Professional ratings
Review scores
| Source | Rating |
| About.com | Star |
| Metal Temple | Star |
| Metal.de | Star |

==Background==
While recorded with the same line-up that featured on Options of a Trapped Mind three years earlier, the album marks the departure of Dyz, who left the band at the closing stages of finishing the album.
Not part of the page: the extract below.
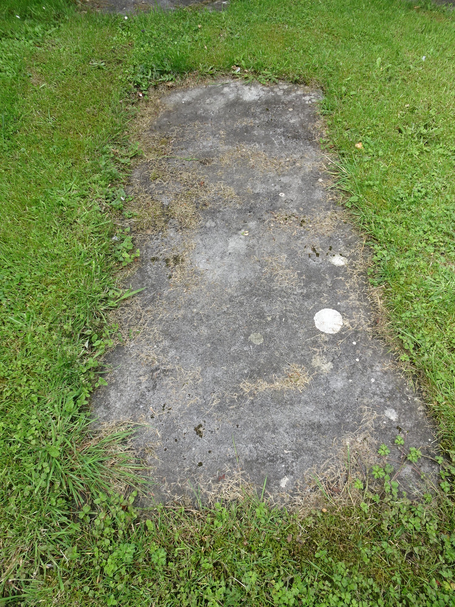 A Rect. slab with a curved, almost triangular top and Inc'd. two-line border and Ins.. A rough kerb of ashlar blocks (some displaced) occurs around part of this stone. This, which was uncovered in 1990, is now grassed over. See also Nos. 154, 262, 403 and XI for other Stephens.

The group toured in Poland, supporting Artillery on their eastern European leg of the tour and appeared on various festivals and gigs, opening for the likes of Megadeth, Lamb of God and other numerous bands.

== Track listing ==

| No. | Title | Length |
|---|---|---|
| 1. | "Mind Decay" | 03:54 |
| 2. | "Screaming Fear" | 05:22 |
| 3. | "Addicted To Aggression" | 03:23 |
| 4. | "Disharmony" | 03:23 |
| 5. | "The Way To..." | 01:09 |
| 6. | "Insane Asylum" | 05:30 |
| 7. | "The Q Box" | 04:22 |
| 8. | "Sickened" | 04:35 |
| 9. | "Shark Attack" | 03:24 |
| 10. | "Coordinates Of Confusion" | 10:57 |

==Personnel==
- Negligence
- Alex - lead vocals
- Jey - guitar
- Lipnik - bass guitar
- Ruzz - drums
- Dyz - guitar

- Production
- Produced, Engineered and Mixed by Ruzz and Jey, Mastered by Alan Douches at West West Side Studios, New York.